WHAT YOU HAVE TO DO:
Every line below from the one with "- LDK12.7帖、洋室6.4帖、洋室6帖" through the one with "Este proyecto es" should be retyped exactly, both ends included; no other lines and no pictures.

AVAILABLE DATA:
════════

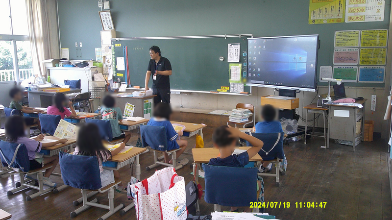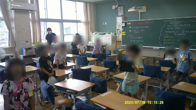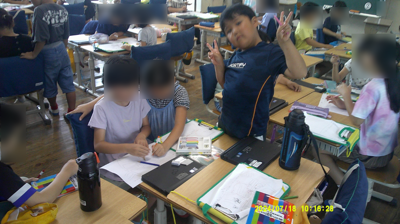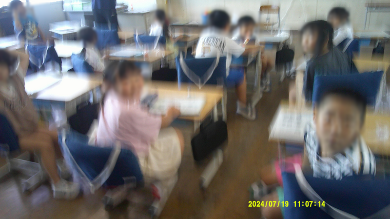 約半分の子が出席していて元気いっぱいでした。児童A「歩いてきたの?」校長「そうだよ。この暑い中に」児童B「もう宿題終わりました」児童C「明日はサッカーの試合」など自分たちから情報発信してくれました。ここでも、私は先生方に休み中の様子を聴いたりしました。
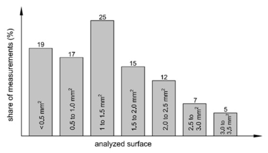 If the SEM operator at the place of the base material segregation analyses too small an area, the estimated admixing rate can be much greater than the real one. Conversely, the admixing rate of the base material will be less than the real one if the SEM operator analyses too small an area with more alloyed filler material segregation or if he/she does not analyze the segregation of the base material at all. Therefore, it is very important that the EDXS analysis of a particular site captures a large enough area of the weld close to the base metal and, at the same time, a sufficiently large area of the well-mixed part of the weld. In order to assess the subjective influence of the SEM operator on the result, a statistical analysis of the size of the measured surfaces of all 84 measurements was carried out. We should mention that, prior to the start of this work, a sketch of the measurement site (Figure 2b) was given to the SEM operator with a note that the analyzed areas should be as large as possible in accordance with the possibilities of the device. Despite the instructions that the analyzed area should be as large as possible, the statistical analysis showed that the surface areas of the measured sites were very different (Figure 4). The prevailing areas were up to 1.5 mm2 (61% of all measurements), while only 12% of the measurements were performed on areas of between 2.5 and 3.5 mm2. On the other hand, three times as many measurements were made on areas ≤1.0 mm2 (36%). The presented statistical analysis shows the possible influence of the SEM operator on the final value of the admixing rate.
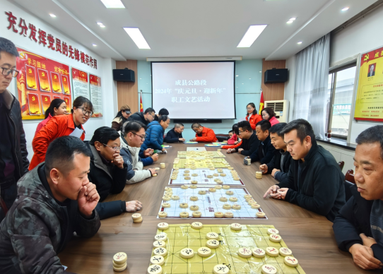 一元復(fù)始慶佳節(jié),萬(wàn)象更新履行程。在元旦佳節(jié)來(lái)臨之際,為進(jìn)一步豐富職工文化生活,增進(jìn)全段干部職工交流溝通,引導(dǎo)廣大職工以更加飽滿的工作熱情和良好的精神面貌迎接2024年,12月28日,成縣公路組織開展了2024年“慶元旦·迎新年”職工文藝系列活動(dòng),全段50余名干部職工歡聚一堂,通過(guò)開展唱歌、跳舞、詩(shī)朗誦等文藝匯演和猜謎語(yǔ)、下象棋、下跳棋等棋類益智活動(dòng),有效展示了全段職工迎接新年的良好精神風(fēng)貌,攜手營(yíng)造了歡慶、吉祥、和諧的節(jié)日氛圍。
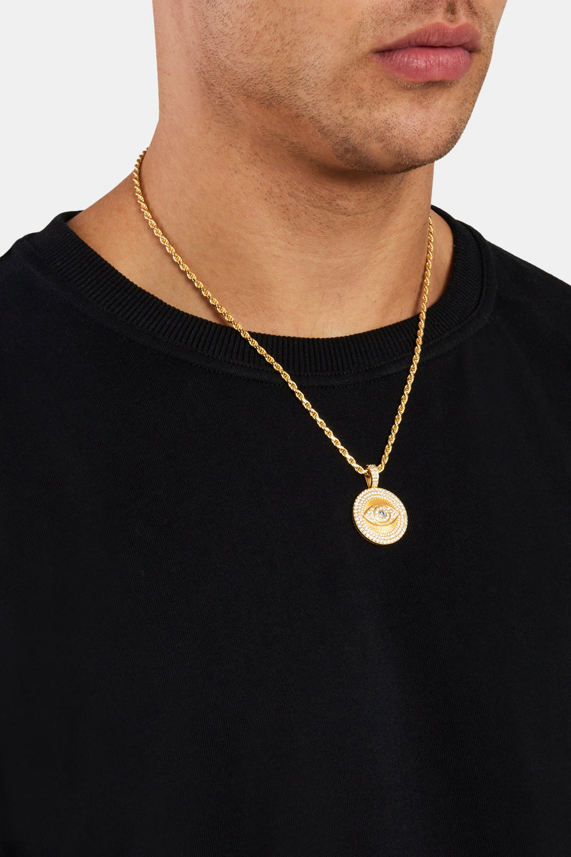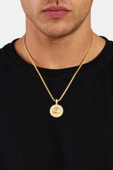 The Iced Eye Pendant provides perception beyond ordinary sight. This symbolic piece is flooded with hand-set stones which shine from all angles. Be a visionary.
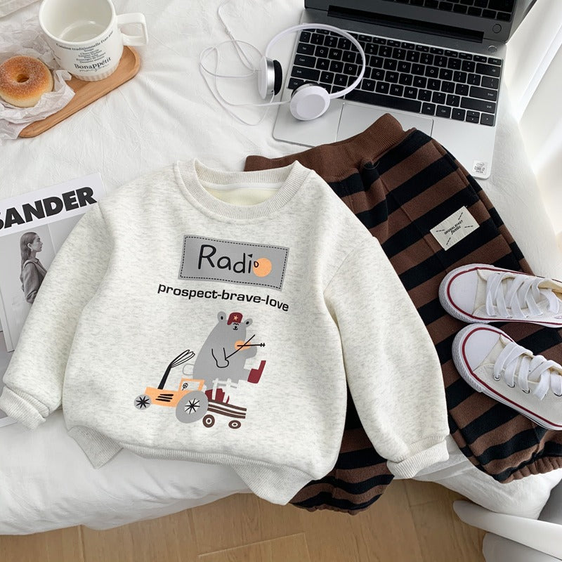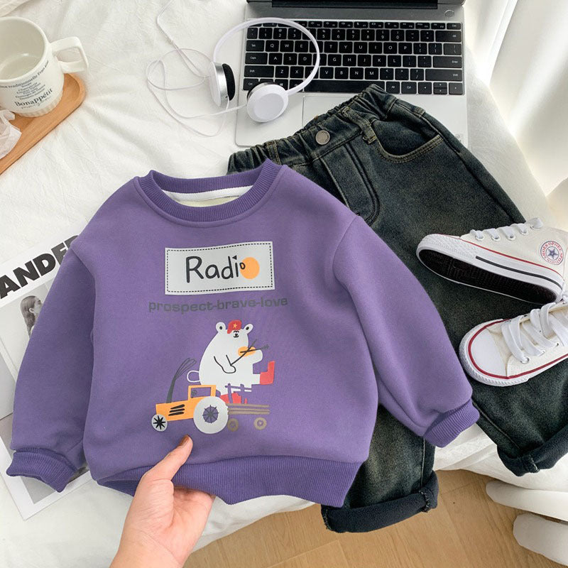 CA25112709男童加絨衛衣秋冬裝中小童卡通洋氣套頭衫2023新款兒童一體絨上衣
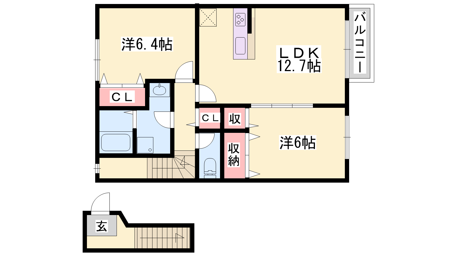 - LDK12.7帖、洋室6.4帖、洋室6帖
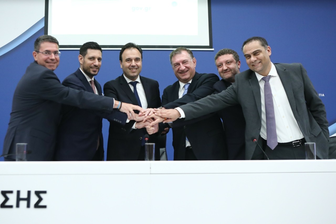 Στην τελετή παράδοσης – παραλαβής στο υπουργείο Ψηφιακής Διακυβέρνησης ο υπουργός Δημήτρης Παπαστεργίου και ο υφυπουργός Κωνσταντίνος Κυρανάκης παρέλαβαν τη σκυτάλη από τον Σωκράτη Κάτσικα.
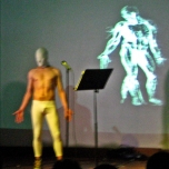 Este proyecto es un diálogo bioelectrónico, que presenta en una puesta en escena transmedial, la tesis “del fin de lo masculino y la mutación del sujeto en objeto de diseño”, entre dos personajes de ficción activados por los performers y los programas digitales en uso. El texto investiga en los cambios socioculturales que la lógica del libre mercado y los avances de la ciencia están provocando en nuestra vida cotidiana, transformando interna y externamente la realidad.
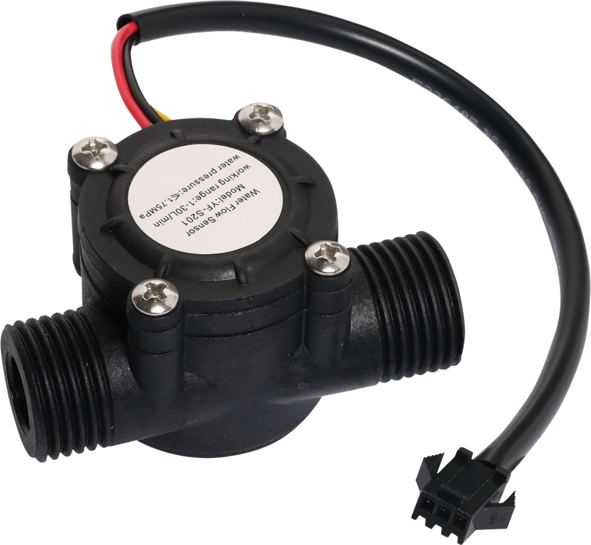This Hall Effect Water Flow Meter Sensor incorporates a pin wheel sensor and fits inline with a hose or pipe and measures the amount of liquid that has flown through it. It integrates a sealed magnetic hall effect ensor outputs an electrical pulse with every revolution. Its also sealed from the water pipe and allows the sensor to stay safe and dry. The YF-S201 Hall Effect Water Flow Meter Sensor comes with three wires: red (5-24VDC power), black (ground) and yellow (Hall effect pulse output). By counting the pulses from the output of the sensor, you can easily calculate water flow. Each pulse is approximately 2.25 milliliters. Please Note this isn’t a precision sensor, and the pulse rate does vary a bit depending on the flow rate, fluid pressure, and sensor orientation. It will need careful calibration if better than 10% precision is required.

════════

SOLUTION TO THE PROBLEM:
 - LDK12.7帖、洋室6.4帖、洋室6帖
 Στην τελετή παράδοσης – παραλαβής στο υπουργείο Ψηφιακής Διακυβέρνησης ο υπουργός Δημήτρης Παπαστεργίου και ο υφυπουργός Κωνσταντίνος Κυρανάκης παρέλαβαν τη σκυτάλη από τον Σωκράτη Κάτσικα.
 Este proyecto es un diálogo bioelectrónico, que presenta en una puesta en escena transmedial, la tesis “del fin de lo masculino y la mutación del sujeto en objeto de diseño”, entre dos personajes de ficción activados por los performers y los programas digitales en uso. El texto investiga en los cambios socioculturales que la lógica del libre mercado y los avances de la ciencia están provocando en nuestra vida cotidiana, transformando interna y externamente la realidad.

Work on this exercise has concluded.